YOUR GOAL — Please give an exact copy of every line from the one holding "ಹೊಂದಿರುತ್ತೀರಿ ಮತ್ತು ಆರಾಮದಾಯಕವಾಗಿರುತ್ತೀರಿ." through the final line of the records below.

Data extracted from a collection
_ _ _ _ _
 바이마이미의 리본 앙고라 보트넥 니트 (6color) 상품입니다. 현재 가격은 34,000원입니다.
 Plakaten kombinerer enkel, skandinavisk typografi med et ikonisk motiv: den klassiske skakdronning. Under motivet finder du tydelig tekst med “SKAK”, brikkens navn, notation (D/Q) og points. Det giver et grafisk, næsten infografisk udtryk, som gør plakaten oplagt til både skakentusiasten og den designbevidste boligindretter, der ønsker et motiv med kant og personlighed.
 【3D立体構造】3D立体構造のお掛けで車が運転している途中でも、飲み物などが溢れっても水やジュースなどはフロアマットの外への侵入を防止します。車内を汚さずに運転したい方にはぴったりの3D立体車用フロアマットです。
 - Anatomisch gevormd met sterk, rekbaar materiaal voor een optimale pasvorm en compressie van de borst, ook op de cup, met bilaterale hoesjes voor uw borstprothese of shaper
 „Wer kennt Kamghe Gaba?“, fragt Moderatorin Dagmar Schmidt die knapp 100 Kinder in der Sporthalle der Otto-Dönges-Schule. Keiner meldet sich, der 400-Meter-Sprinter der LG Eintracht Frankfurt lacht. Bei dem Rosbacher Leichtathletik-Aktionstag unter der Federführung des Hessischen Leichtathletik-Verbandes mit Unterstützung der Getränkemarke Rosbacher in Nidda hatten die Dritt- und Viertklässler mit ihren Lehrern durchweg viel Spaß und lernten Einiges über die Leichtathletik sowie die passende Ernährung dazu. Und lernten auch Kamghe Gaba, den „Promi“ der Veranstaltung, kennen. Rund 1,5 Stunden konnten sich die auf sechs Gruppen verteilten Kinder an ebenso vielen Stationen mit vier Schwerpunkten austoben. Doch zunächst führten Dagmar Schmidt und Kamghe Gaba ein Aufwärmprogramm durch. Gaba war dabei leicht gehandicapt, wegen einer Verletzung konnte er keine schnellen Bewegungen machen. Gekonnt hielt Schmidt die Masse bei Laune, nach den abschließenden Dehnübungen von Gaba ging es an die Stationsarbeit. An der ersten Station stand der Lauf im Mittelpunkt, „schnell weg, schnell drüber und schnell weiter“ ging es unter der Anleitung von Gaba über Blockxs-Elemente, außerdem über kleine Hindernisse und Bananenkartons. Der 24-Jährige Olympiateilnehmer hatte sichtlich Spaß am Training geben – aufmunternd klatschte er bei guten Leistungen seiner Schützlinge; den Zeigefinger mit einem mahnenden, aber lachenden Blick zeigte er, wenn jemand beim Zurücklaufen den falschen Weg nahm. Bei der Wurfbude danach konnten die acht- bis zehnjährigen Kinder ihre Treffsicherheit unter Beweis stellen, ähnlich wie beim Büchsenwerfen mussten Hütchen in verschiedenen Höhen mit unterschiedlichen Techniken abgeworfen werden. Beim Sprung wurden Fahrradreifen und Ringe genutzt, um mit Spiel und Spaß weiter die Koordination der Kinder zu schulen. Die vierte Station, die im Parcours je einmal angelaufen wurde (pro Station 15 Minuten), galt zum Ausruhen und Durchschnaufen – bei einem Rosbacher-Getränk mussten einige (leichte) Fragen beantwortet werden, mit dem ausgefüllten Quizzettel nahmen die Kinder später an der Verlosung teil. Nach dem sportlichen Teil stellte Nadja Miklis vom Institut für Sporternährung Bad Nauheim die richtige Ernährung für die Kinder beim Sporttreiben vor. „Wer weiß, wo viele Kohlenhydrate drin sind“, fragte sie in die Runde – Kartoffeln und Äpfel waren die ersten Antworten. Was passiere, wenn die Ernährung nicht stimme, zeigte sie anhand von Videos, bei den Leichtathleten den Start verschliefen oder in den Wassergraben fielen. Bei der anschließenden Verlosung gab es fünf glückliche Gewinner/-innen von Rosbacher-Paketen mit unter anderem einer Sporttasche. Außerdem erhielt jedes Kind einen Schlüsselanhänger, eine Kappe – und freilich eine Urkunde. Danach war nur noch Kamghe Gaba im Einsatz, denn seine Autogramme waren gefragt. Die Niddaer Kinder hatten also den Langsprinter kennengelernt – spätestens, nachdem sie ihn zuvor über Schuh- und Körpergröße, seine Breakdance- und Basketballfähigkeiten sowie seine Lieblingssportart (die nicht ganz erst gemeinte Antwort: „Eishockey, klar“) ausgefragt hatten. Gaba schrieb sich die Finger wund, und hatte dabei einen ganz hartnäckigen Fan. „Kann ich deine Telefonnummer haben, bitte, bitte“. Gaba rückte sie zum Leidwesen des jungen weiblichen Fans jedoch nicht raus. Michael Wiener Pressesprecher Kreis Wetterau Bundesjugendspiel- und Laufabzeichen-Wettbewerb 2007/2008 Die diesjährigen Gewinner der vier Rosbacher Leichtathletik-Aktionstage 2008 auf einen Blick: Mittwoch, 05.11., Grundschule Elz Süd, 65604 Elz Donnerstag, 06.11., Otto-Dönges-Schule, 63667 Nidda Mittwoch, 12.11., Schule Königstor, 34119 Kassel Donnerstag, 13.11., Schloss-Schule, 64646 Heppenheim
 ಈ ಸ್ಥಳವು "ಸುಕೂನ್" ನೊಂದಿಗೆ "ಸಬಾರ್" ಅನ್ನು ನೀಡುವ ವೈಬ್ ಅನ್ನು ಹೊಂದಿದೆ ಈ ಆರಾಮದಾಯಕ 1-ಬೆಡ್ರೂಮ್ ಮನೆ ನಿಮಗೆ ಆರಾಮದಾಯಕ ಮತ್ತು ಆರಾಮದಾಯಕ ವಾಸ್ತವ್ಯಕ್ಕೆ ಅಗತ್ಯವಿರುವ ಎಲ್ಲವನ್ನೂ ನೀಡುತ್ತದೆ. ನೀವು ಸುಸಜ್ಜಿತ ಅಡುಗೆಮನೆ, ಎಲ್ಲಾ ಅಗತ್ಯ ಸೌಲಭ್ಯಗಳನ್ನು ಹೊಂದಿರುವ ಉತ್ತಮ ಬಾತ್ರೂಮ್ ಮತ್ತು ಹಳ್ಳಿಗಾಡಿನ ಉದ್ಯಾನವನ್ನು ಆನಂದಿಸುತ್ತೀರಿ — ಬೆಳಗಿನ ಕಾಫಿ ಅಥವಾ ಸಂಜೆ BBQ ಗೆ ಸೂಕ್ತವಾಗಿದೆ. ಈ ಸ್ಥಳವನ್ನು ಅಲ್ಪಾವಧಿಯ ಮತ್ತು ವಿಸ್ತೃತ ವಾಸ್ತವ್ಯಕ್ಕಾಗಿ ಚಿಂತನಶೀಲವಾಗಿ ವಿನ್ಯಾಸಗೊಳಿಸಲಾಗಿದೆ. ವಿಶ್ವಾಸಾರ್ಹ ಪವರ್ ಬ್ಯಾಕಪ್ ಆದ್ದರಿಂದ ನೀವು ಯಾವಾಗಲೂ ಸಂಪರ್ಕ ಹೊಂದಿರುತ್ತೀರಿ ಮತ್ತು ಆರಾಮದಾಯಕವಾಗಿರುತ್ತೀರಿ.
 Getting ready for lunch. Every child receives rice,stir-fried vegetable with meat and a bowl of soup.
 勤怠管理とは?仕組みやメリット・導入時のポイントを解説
_ _ _ _ _
ANSWER BELOW —
 ಈ ಸ್ಥಳವು "ಸುಕೂನ್" ನೊಂದಿಗೆ "ಸಬಾರ್" ಅನ್ನು ನೀಡುವ ವೈಬ್ ಅನ್ನು ಹೊಂದಿದೆ ಈ ಆರಾಮದಾಯಕ 1-ಬೆಡ್ರೂಮ್ ಮನೆ ನಿಮಗೆ ಆರಾಮದಾಯಕ ಮತ್ತು ಆರಾಮದಾಯಕ ವಾಸ್ತವ್ಯಕ್ಕೆ ಅಗತ್ಯವಿರುವ ಎಲ್ಲವನ್ನೂ ನೀಡುತ್ತದೆ. ನೀವು ಸುಸಜ್ಜಿತ ಅಡುಗೆಮನೆ, ಎಲ್ಲಾ ಅಗತ್ಯ ಸೌಲಭ್ಯಗಳನ್ನು ಹೊಂದಿರುವ ಉತ್ತಮ ಬಾತ್ರೂಮ್ ಮತ್ತು ಹಳ್ಳಿಗಾಡಿನ ಉದ್ಯಾನವನ್ನು ಆನಂದಿಸುತ್ತೀರಿ — ಬೆಳಗಿನ ಕಾಫಿ ಅಥವಾ ಸಂಜೆ BBQ ಗೆ ಸೂಕ್ತವಾಗಿದೆ. ಈ ಸ್ಥಳವನ್ನು ಅಲ್ಪಾವಧಿಯ ಮತ್ತು ವಿಸ್ತೃತ ವಾಸ್ತವ್ಯಕ್ಕಾಗಿ ಚಿಂತನಶೀಲವಾಗಿ ವಿನ್ಯಾಸಗೊಳಿಸಲಾಗಿದೆ. ವಿಶ್ವಾಸಾರ್ಹ ಪವರ್ ಬ್ಯಾಕಪ್ ಆದ್ದರಿಂದ ನೀವು ಯಾವಾಗಲೂ ಸಂಪರ್ಕ ಹೊಂದಿರುತ್ತೀರಿ ಮತ್ತು ಆರಾಮದಾಯಕವಾಗಿರುತ್ತೀರಿ.
 Getting ready for lunch. Every child receives rice,stir-fried vegetable with meat and a bowl of soup.
 勤怠管理とは?仕組みやメリット・導入時のポイントを解説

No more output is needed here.